Anderson was born and raised in Cambridge, Massachusetts where he studied piano and organ with his mother and Henry Gideon, and double bass with Gaston Dufresne. His undergraduate years were spent at Harvard where his composition teachers were Walter Piston and George Enescu. Anderson followed his exuberant instincts by conducting the Harvard Band and playing accordion. His unusual arrangements of Harvard University's songs were heard by the young conductor of the Boston Pops Arthur Fiedler, who had him orchestrate and compose original works for the Pops. His 1938 pieces "Jazz Pizzicato" and "Jazz Legato," became hits and were followed by more than 50 other light classics like "Governor Bradford March", "The Typewriter", "Blue Tango", "The Penny-Whistle Song", etc. His specialty of light classical music calls to mind Franz von Suppe's operetta overtures and songs, Antonin Dvorak's Slavonic Dances and Johann Strauss's waltzes and polkas.

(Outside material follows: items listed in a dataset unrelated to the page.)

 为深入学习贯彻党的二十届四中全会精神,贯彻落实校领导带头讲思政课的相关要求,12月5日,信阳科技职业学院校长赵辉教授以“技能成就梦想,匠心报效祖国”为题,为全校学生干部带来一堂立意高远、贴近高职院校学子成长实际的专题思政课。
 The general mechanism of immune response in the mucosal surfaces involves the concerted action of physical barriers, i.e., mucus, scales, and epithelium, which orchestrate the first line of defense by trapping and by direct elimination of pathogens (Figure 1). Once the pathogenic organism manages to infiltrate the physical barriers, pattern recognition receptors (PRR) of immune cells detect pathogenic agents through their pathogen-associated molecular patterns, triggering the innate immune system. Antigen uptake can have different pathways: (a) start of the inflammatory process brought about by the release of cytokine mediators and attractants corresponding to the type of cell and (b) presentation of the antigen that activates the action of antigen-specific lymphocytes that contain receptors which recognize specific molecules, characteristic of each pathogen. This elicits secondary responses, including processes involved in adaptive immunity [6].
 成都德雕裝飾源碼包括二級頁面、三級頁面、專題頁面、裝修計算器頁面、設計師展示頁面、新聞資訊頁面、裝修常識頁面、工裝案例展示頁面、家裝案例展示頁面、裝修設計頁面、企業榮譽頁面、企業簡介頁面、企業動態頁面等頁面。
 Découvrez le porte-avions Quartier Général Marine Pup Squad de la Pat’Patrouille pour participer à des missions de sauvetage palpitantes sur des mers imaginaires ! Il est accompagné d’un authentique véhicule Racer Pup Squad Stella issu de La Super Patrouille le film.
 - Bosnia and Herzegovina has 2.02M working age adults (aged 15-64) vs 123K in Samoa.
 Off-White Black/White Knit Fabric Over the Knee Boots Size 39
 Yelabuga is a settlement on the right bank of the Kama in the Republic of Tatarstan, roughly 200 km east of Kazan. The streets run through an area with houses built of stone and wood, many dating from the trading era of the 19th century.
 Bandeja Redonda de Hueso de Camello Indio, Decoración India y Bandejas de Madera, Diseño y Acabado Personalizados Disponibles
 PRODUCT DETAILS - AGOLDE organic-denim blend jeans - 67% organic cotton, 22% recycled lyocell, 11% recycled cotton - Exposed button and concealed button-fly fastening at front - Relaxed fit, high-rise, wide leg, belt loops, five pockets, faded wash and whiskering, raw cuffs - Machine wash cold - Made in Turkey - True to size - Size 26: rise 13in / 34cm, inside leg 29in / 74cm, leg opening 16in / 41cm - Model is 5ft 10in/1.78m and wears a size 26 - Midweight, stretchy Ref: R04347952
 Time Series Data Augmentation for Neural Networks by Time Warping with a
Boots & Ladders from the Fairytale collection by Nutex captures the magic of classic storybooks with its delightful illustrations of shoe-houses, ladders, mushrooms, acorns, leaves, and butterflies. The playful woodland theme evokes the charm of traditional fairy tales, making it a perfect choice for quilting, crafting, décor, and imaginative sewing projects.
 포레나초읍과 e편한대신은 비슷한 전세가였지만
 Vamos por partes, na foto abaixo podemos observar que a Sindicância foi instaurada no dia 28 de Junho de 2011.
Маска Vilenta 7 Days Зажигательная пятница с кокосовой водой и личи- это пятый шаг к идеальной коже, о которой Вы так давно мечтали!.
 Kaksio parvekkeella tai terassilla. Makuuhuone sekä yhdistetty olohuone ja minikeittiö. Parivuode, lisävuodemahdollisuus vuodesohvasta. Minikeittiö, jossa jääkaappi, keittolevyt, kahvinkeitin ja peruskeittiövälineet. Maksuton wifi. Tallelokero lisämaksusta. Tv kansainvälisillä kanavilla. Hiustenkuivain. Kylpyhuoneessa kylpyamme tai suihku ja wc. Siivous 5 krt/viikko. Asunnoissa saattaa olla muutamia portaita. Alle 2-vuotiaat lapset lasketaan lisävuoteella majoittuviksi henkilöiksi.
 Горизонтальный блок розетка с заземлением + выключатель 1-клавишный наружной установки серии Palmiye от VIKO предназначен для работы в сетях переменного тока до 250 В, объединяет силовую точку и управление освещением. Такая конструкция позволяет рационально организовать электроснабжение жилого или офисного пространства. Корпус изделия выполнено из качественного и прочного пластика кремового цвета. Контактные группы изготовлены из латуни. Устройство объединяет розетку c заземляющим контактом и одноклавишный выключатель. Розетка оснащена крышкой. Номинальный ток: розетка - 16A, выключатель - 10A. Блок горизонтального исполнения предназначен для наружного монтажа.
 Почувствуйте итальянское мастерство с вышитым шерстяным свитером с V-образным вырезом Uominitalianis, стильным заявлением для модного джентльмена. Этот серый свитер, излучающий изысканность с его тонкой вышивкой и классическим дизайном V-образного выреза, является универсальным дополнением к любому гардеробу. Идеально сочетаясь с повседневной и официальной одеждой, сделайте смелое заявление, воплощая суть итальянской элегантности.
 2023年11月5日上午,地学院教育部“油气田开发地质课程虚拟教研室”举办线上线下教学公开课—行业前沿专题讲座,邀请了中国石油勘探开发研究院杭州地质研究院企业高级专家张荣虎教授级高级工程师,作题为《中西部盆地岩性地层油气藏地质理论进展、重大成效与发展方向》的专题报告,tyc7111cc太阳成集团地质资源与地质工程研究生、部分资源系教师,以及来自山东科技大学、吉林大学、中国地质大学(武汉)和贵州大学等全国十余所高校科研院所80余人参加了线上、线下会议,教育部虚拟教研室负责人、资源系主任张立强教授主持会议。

Among the honors posthumously bestowed upon him were a star on the Hollywood Walk of Fame in 1976 for his contribution to the recording industry, a bandstand dedicated it to him on Woodbury Connecticut's North Green in 1986, election to the Songwriters Hall of Fame in 1988, the naming of Harvard University Band headquarters In 1995 and the dedication of the corner of Chatham and Crawford Streets as Leroy Anderson Square in Cambridge, Massachusetts on May 31, 2003.